Second, expression of emotions in the eyes is/may be gender-dependent. Social norms often encourage women to be more emotionally expressive, while men are typically socialized to exhibit less emotional variability41. This societal influence likely contributes to differences in recognition accuracy, as women, for example, are more prone to use their cheek-raisers while smiling than men, resulting in a smile that appears more genuine (also known as a true or Duchenne smile42). This nicely dovetails with the present findings as far as poorer recognition of sadness (and anger) in male posers may be explained by a lower intensity of sadness in the male eyes. By contrast, however, disgust and happiness tend to be better recognizable in male eyes, which questions the greater poignancy of females in all emotional expressions.

In addition, as pointed out earlier17, in face images routinely used in experimental settings and face databases, facial emotions are displayed by professionals who have been (i) asked and (ii) trained to express emotions. These expressions may turn out to be rather different from the natural feelings we experience and express in real life. In naturalistic environments, we are usually quite far from extreme affect demonstrations.

The ability to express (and read) emotions in the eyes had been plentifully reflected in poetry, for instance, for the eyes expressing hatred, ‘As if there were four, though they are three, stare at him hungrily’ (Alexander S. Pushkin, The Tale of Tsar Saltan, 1831; translated by Marina A. Pavlova).

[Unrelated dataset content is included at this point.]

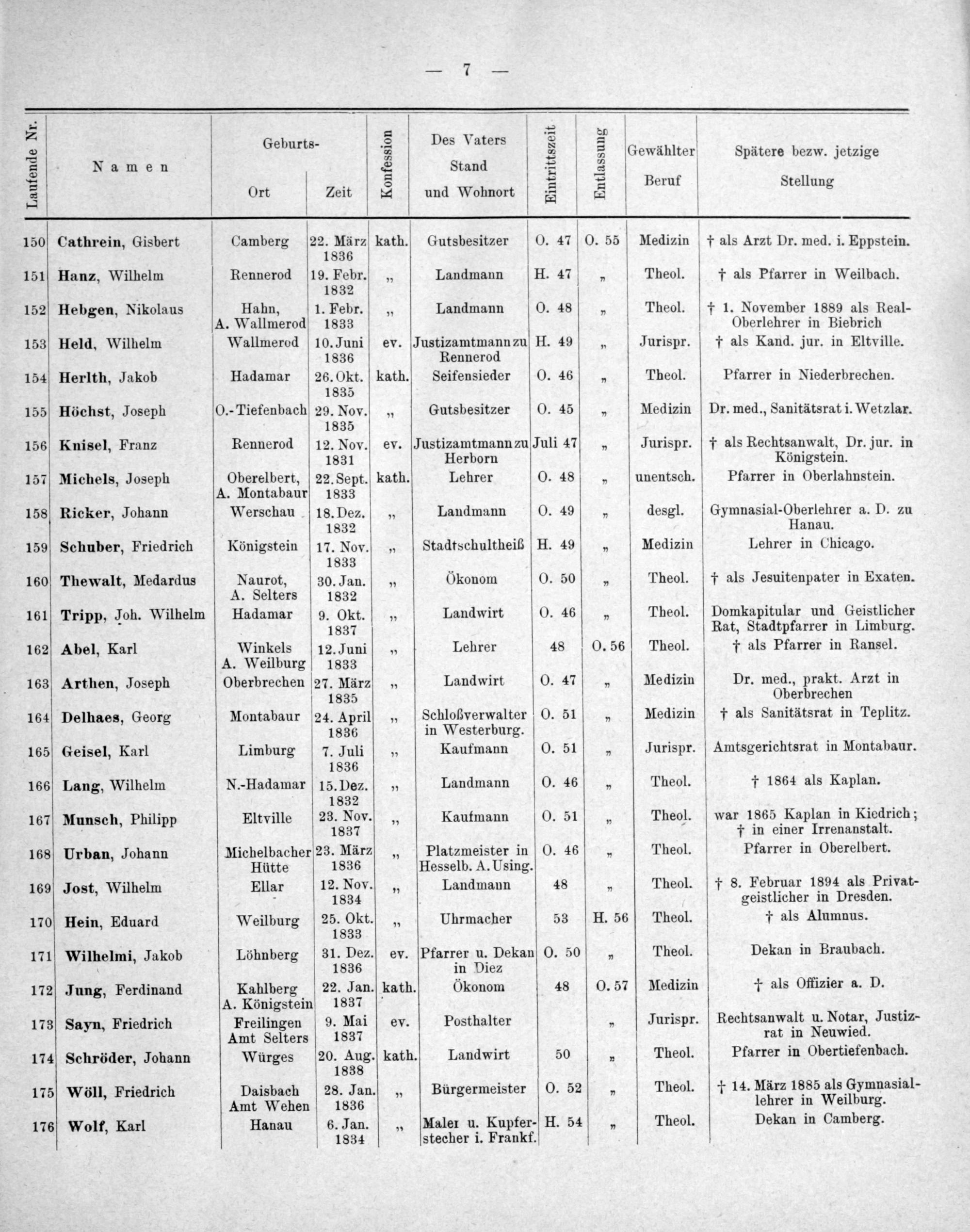 8= 8 7 Geburts-.5 Pes Vaters 582 2 Lbuebs 5 8 2(Gewählter Spätere bezw. jetzige 5 Namen 5 Stand 2 V 3 —.—— Ber 5 Ort Zeit 3 und Wohnort 5 V E V eruf V Stellung 150Cathrein, Gisbert Camberg 22. März kath. Gutsbesitzer O. 47 V O0. 55 Medizin † als Arzt Dr. med. i. Eppstein. 1836 151 Hanz, Wilhelm Rennerod[19. Febr.„ Landmann H. 47„ Theol. † als Pfarrer in Weilbach. 183² 152 Hebgen, Nikolaus Hahn, 1. Febr.„ Landmann O. 48„ Theol. † 1. November 1889 als Real- A. Wallmerod 1833 Oberlehrer in Biebrich 153 Held, Wilhelm Wallmerod 10. Juni- ev. Justizamtmannzu H. 49„ Jurispr. † als Kand. jur. in Eltville. 1836 Rennerod 154 Herlth, Jakob Hadamar 26. Okt. kath. Seifensieder O. 46 5 Theol. Pfarrer in Niederbrechen. 1835 155 Höchst, Joseph O.-Tiefenbach 29. Nov.„ Gutsbesitzer O. 45„ Medizin Dr. med., Sanitätsrat i. Wetzlar. 1835 156 Knisel, Franz Rennerod 12. Nov. ev. Justizamtmann zu Juli 47„ Jurispr. † als Rechtsanwalt, Dr. jur. in 1831 Herborn Königstein. 157 Michels, Joseph Oberelbert, 22. Sept. kath. Lehrer O. 48„(uuentsch. Pfarrer in Oberlahnstein. A. Montabaur 1833 158 Ricker, Johann Werschau 18. Dez.„ Landmann O. 49„ desgl. Gymnasial-Oberlehrer a. D. zu 1832 Hanau. 159 Schuber, Friedrich Königstein 17. Nov.„ Stadtschultheiß H. 49„ Medizin Lehrer in Chicago. 1833 160 Thewalt, Medardus Naurot, 30. Jan.„ Okonom 0. 50„ Theol. † als Jesuitenpater in Exaten. A. Selters 1832 161 Tripp, Joh. Wilhelm Hadamar 9. Okt.„ Landwirt O. 46„ Theol. Domkapitular und Geistlicher 1837 Rat, Stadtpfarrer in Limburg. 162 Abel, Karl Winkels 12. Juni„ Lehrer 48 0O. 56 Theol. † als Pfarrer in Ransel. A. Weilburg 1833 163 Arthen, Joseph Oberbrechen 27. März„ Landwirt O. 47„ Medizin Dr. med., prakt. Arzt in 1835 Oberbrechen 164 Delhaes, Georg Montabaur 24. Aprill„ Schloßverwalter O. 51„ Medizin † als Sanitätsrat in Teplitz. 1836 in Westerburg. 165 Geisel, Karl Limburg 7. Juli„ Kaufmann O. 51„ Jurispr. Amtsgerichtsrat in Montabaur. 1836 166 Lang, Wilhelm N.-Hadamar 15. Dez.„ Landmann O. 46„ Theol. † 1864 als Kaplan. 1832 167 Munsch, Philipp Eltville 23. Nov.„ Kaufmann O. 51„ Theol. war 1865 Kaplan in Kiedrich; 1837 4 † in einer Irrenanstalt. 168 Urban, Johann Michelbacher 23. März„ Platzmeister in O. 46„ Theol. Pfarrer in Oberelbert. Hütte 1836 Hesselb. A. Using. 169 Jost, Wilhelm Ellar 12. Nov.„ Landmann 48„ Theol. † 8. Februar 1894 als Privat- 3 1834 geistlicher in Dresden. 170 Hein, Eduard Weilburg 25. Okt.]„ Uhrmacher 53 H. 56 heol. † als Alumnus. 1833 171 Wilhelmi, Jakob Löhnberg 31. Dez.] ev. Pfarrer u. Dekan O. 50„ Theol. Dekan in Braubach. 1836 in Diez 172 Jung, Ferdinand Kahlberg 22. Jan. kath. Okonom 48 O0. 57 Medizin † als Offizier a. D. A. Königstein 1837 173 Sayn, Friedrich Freilingen 9. Mai ev. Posthalter„ Jurispr. Rechtsanwalt u. Notar, Justiz- Amt Selters 1837 rat in Neuwied. 174 Schröder, Johann Würges 20. Aug. kath. Landwirt 50* Theol. Pfarrer in Obertiefenbach. 1838 175 Wöll, Friedrich Daisbach 28. Jan.„ Bürgermeister O. 52„ Theol. † 14. März 1885 als Gymnasial- Amt Wehen 1836 lehrer in Weilburg. 176 Wolf, Karl Hanau 6. Jan.„ Maler u. Kupfer- H. 54„ Theol. Dekan in Camberg. 1834 stecher i. Frankf.

Third, cultural/ethnical background in emotion expression and experience may contribute to the efficiency of emotion recognition in the eyes as well18. For instance, face masks hamper recognition of happiness in U.S. Americans but not in Japanese individuals, suggesting a higher sensitivity of Japanese people to information available in the eyes34. Individualism is reported to be associated with better recognition of (unmasked) happiness but poorer recognition of (unmasked) sadness43. On the other hand, in a U.S. sample, Asian-born participants exhibit the lowest sadness recognition accuracy compared to both Asian Americans and European Americans44. In light of these findings, the present outcome has to be taken with caution, as both expression of sadness through the eyes (faces were taken from the Max Planck Institute FACES database, German posers35) as well as inferring of sadness in the eyes by German beholders may reflect specific cultural particularities. As seen in Fig. 5, however, even within the same culture, individual differences in expression of sadness (also by the eyes) may be rather pronounced.

Figure 5
figure 5

Pronounced differences in expression of sadness within the same cultural background. The images are taken from the MPI FACES database (Ebner et al.35; public domain). These images are presented for illustrative purposes only, and have not been used as experimental material in the present study.

In a nutshell, the present findings suggest that in inferring subtle emotional expressions (such as sadness) in the eyes, experience obtained with age, from young through middle healthy adulthood, may be of substantial benefit. At the same time, sadness recognition may be modulated by estrogen receptor gene polymorphisms45. In young women, recognition accuracy of sadness (and disgust) is higher in the follicular phase (with lower levels of estrogen and progesterone) than in the menstrual phase46,47. Overall, females are recently reported to be faster than males in sadness recognition; moreover, both female and male observers are more accurate in inferring sadness in female as compared with male faces48. A better understanding of possible alterations in reading emotions in the eyes with age calls for future tailored work in male observers.